Я убежден в огромном физиологическом воздействии музыки. Я видел, как она
действует на поле боя. Когда ты идешь в бой, тебе нужна накачка. Если ты не хочешь быть
сумасшедшим идиотом, но тебе требуется стимуляция, музыка помогает прогнать страх. Мы
слушали Papa Roac
h [131] ,Dop
e [132], Drowning Poo
l [133]— все, что могло нас взбодрить. (Эти
группы и сейчас в моей персональной ротации.)
Но ничто не могло взбодрить меня во время обратной дороги на базу. Это была
изматывающая жаркая поездка. И даже несмотря на хорошие новости о моем повышении, я
был в мрачном настроении: с одной стороны, мне было скучно, с другой — невозможно
было расслабиться.
На обратном пути на базу все происходит невероятно медленно. Точнее, вообще ничего
не происходит. И это стало доставать меня.
Будучи в бою, я мог прогнать мысли о собственной уязвимости, смертности. Хватало
других вещей, о которых следовало беспокоиться. Или, скорее, было слишком много важных
и неотложных дел, чтобы можно было всерьез думать о чем-то постороннем.
Но теперь это было практически единственное, о чем я думал.
У меня было время, чтобы расслабиться, но я не мог. Вместо этого я лежал в кресле и
думал обо всем, через что мне пришлось пройти.

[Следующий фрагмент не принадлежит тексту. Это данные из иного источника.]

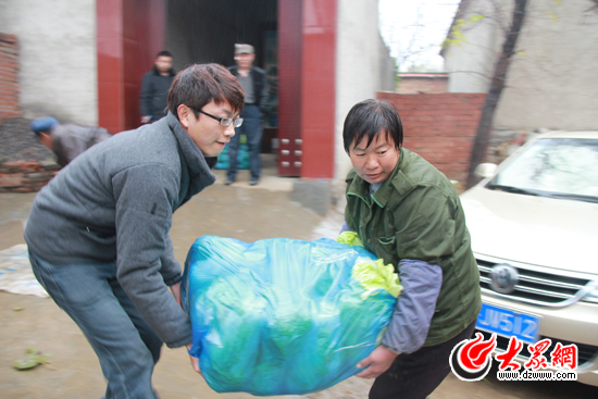 聽說愛心企業(yè)來了,唐西村村民將剛剛摘下并包裝好的新鮮白菜運出來。
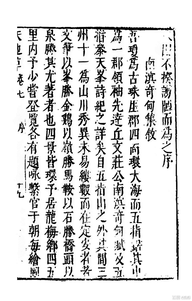 王弘诲来自海南定安县,他笔下的家乡山水美如画。书中《南溟奇甸集叙》一文有云:“吾琼为古珠崖郡,四面环大海,而五指踞其中,为一郡领袖。……山川秀异,未易缕数。而在定安者,若文笔以峰胜,金鸡以岭胜,马鞍以石胜,桥头以泉胜,其尤著者也。四景皆环予居龙梅乡四五里内。”王弘诲命名的定安四景,分别是文笔峰、金鸡岭、马鞍冈、桥头溪。
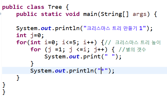 for(int i=0; i<=5; i++) {// 크리스마스 트리 높이
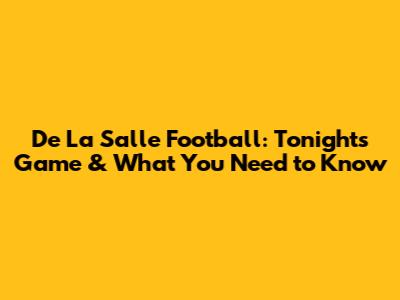 De La Salle Football: Tonight's Game & What You Need To Know
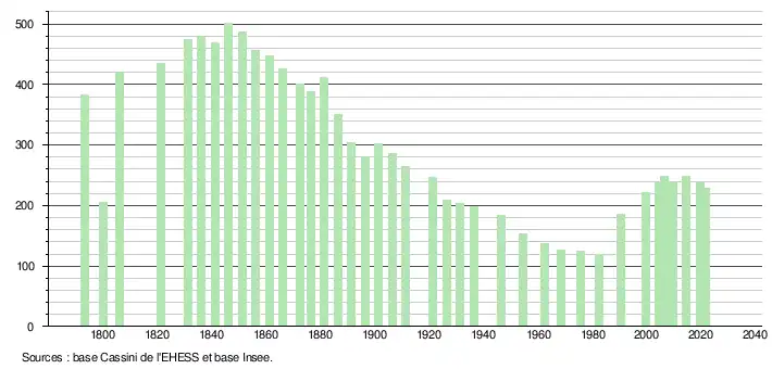 | Rang de la commune dans le département | 476 | 404 | 462 | 358 | 350 | 336 | 348 | 350 |
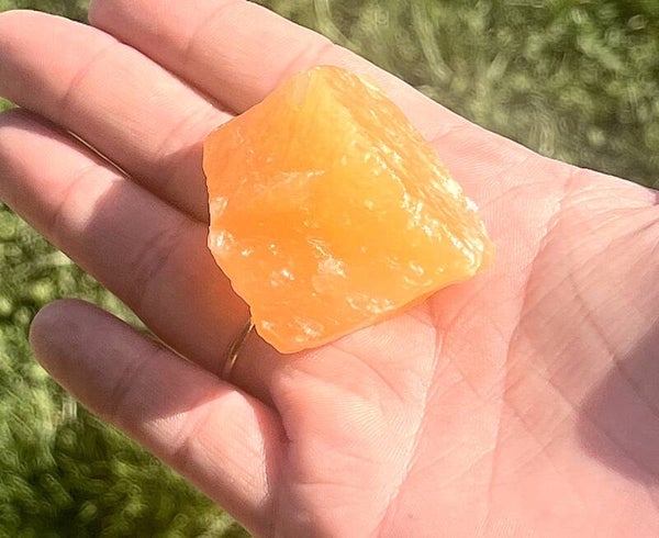 Der Orangencalcit wird als Kristall der Leichtigkeit und neuen, kraftvollen Energie angesehen. In Zeiten der Erschöpfung oder Blockaden hilft er dir, die energetischen Flüsse wiederherzustellen und deine Lebensfreude zurückzuerlangen.
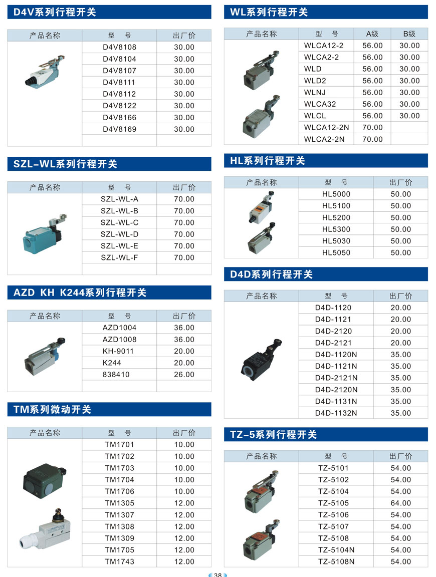 D4V、SZL-WL、AZD KH K244、TM微动、WL、HL、D4D、TZ-5系列行程开关
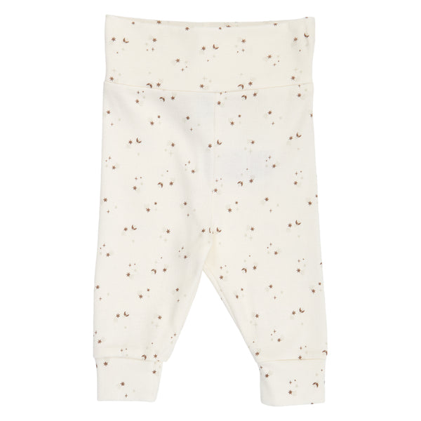 Deilige, myke ribbebukser for de minste. Nydelig heldekkende stjernetrykk. Buksene har en bred og elastisk kant øverst som kan brettes etter behov og stil.
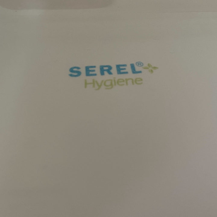 Vasque en céramique de marque SEREL®, sans système de trop-plein, à accompagner d'une bonde sans trop-plein à écoulement libre. Logo imprimé sur le dessus de la vasque.
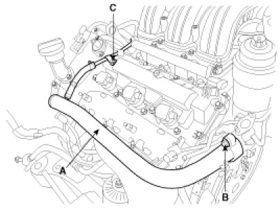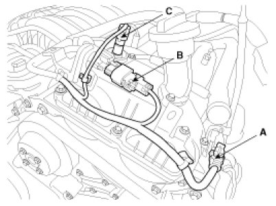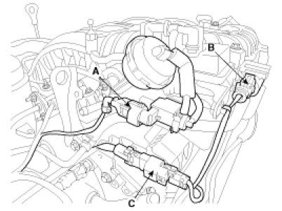 (7) Disconnect the VIS solenoid valve connector (A) ,PCSV connector (B) and RH oxygen sensor connector (C).
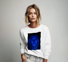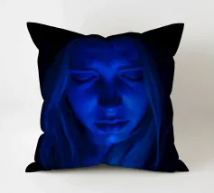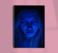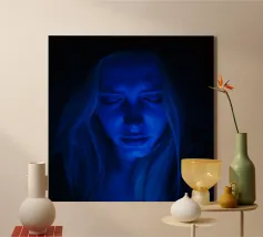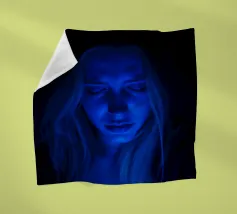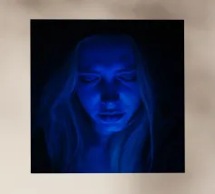 Una donna con i capelli lunghi siede tranquillamente in uno spazio buio, illuminato da un'intensa luce blu. I suoi occhi sono chiusi e sembra essere immersa in un pensiero o in una riflessione in un ambiente atmosferico.
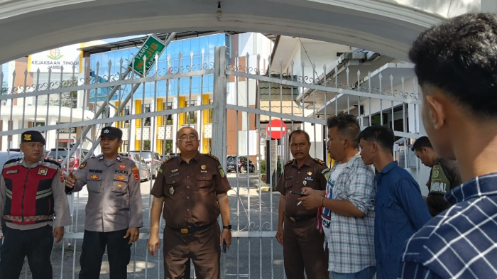 Belasan Massa yang tergabung dalam Koalisi Masyarakat Pemerhati Agraria ( KMPA ) Jambi melakukan aksi di Kejaksaan Tinggi Provinsi Jambi pada selasa 6 mei 2025,
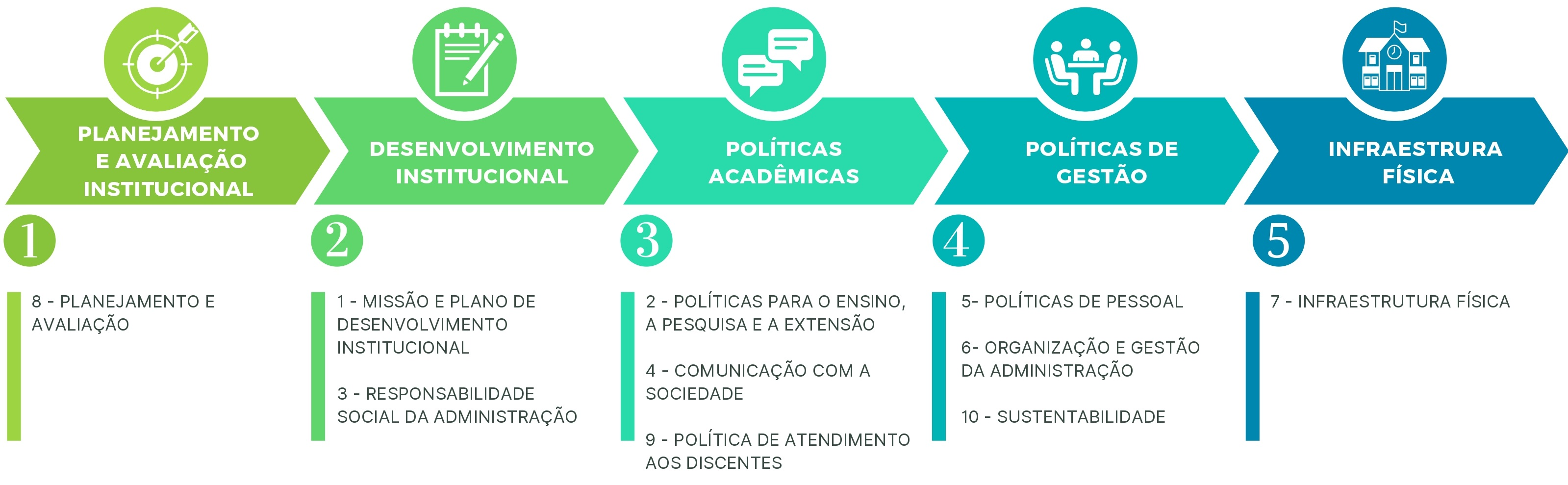 A comissão avalia aspectos estruturados em cinco eixos e dez dimensões, por meio de questionários, rodas de conversa, entrevistas e visitas in loco, destinados a comunidade acadêmica e a comunidade local:
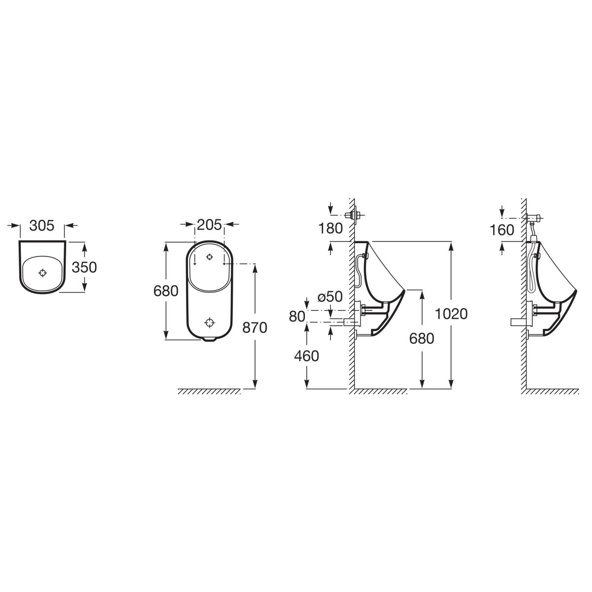 - Im Lieferumfang enthalten: Wandmontageset, Versorgungsanschluss mit Wasserschlauch, Siphon, vandalismussichere Abflussabdeckung, Siphon
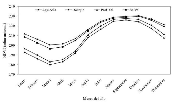 The information on the vegetation cover was obtained from the MODIS sensor, available on the website of the National Commission for the Knowledge and Use of Biodiversity (CONABIO). Maps were prepared at a monthly level of the normalized vegetation index (NDVI), from 2003 to 2007, thus having 36 point values of each type of cover (if the oak forest with primary vegetation is considered as an example, which had 676 point values at the monthly level, in the total of the cycle, 24 336 values were obtained, only for said coverage).
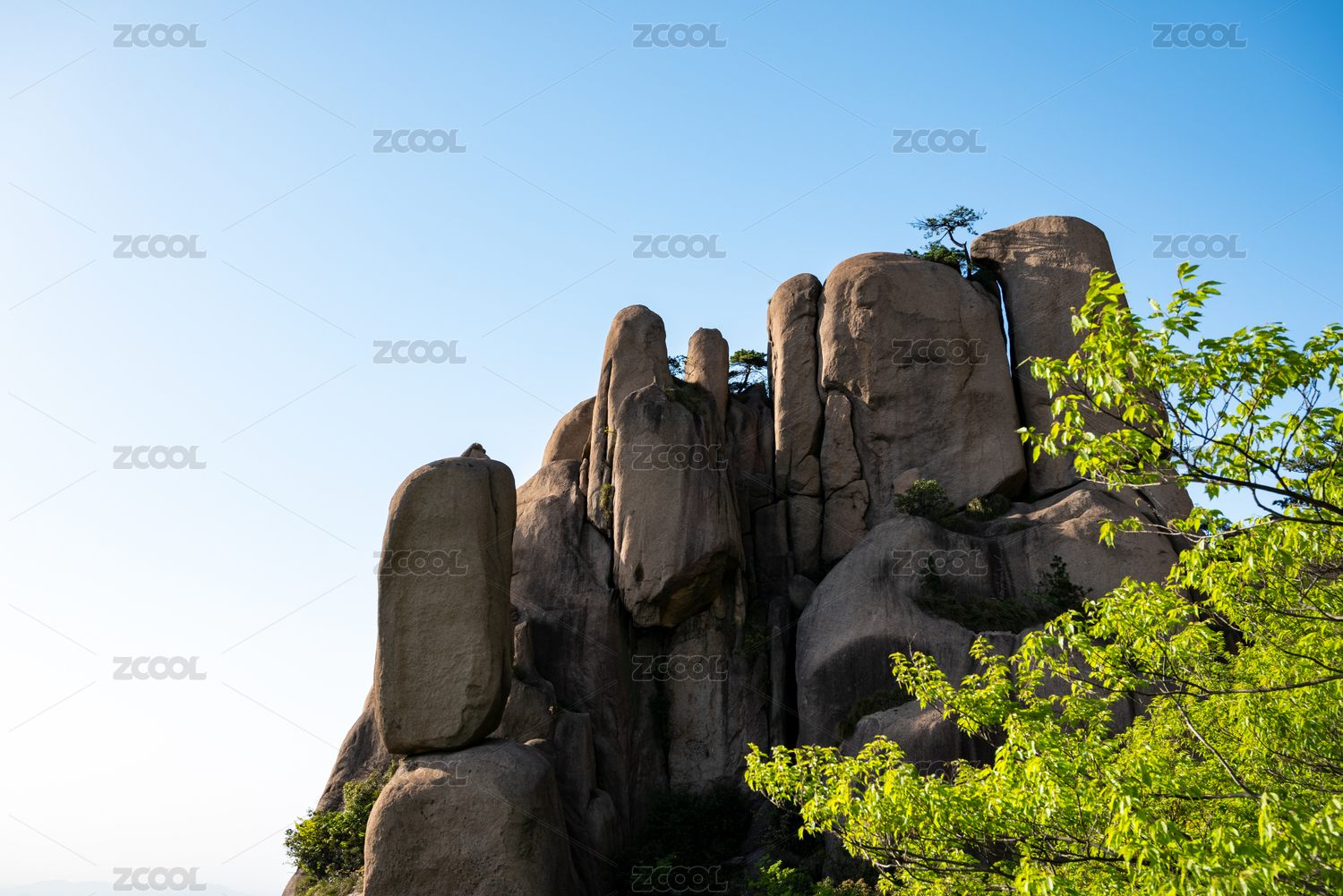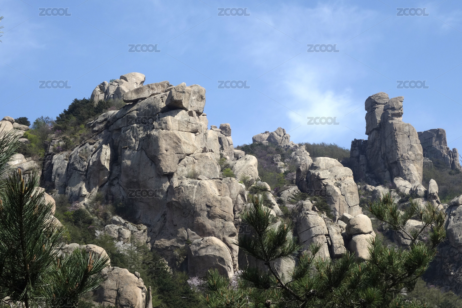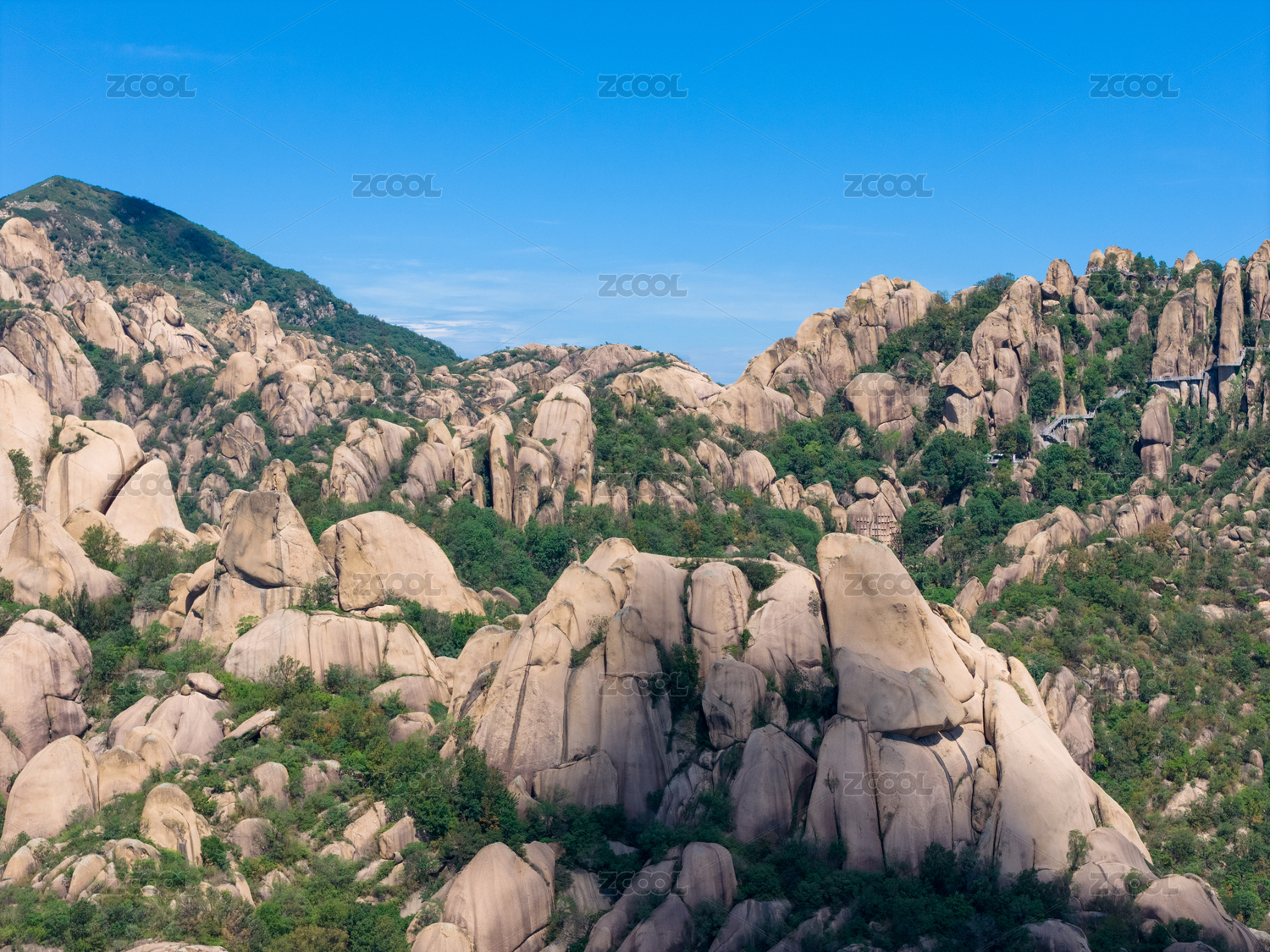 蓝天下的崂山山峰,中国山东省青岛市崂山巨峰风景区
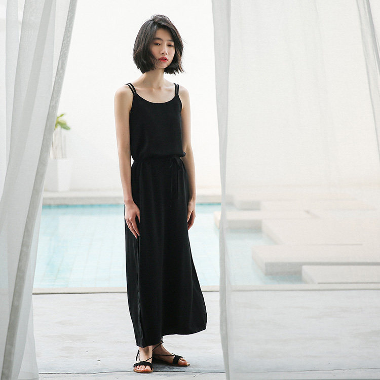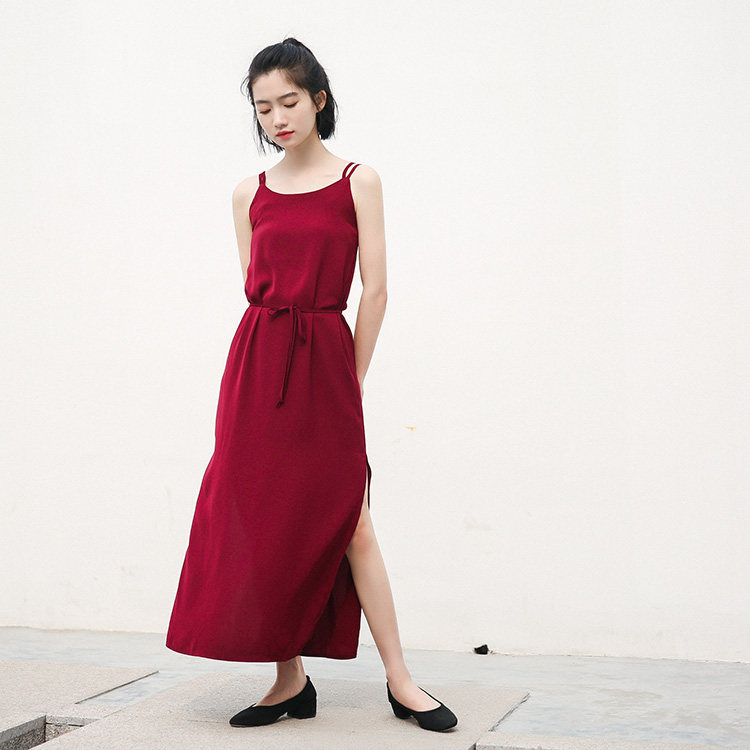 Платье, длинная сексуальная длинная юбка, платье-комбинация, французский стиль, средней длины

И особенно о том, как меня чуть не
подстрелили.
Я чувствовал последствия попадания пули каждый раз, когда решал прилечь отдохнуть.
Сердце неистово колотилось в груди, вероятно, сильнее даже, чем в ту ночь в Садр-Сити.
Несколько дней спустя после возвращения из дальнего патрулирования стало еще хуже.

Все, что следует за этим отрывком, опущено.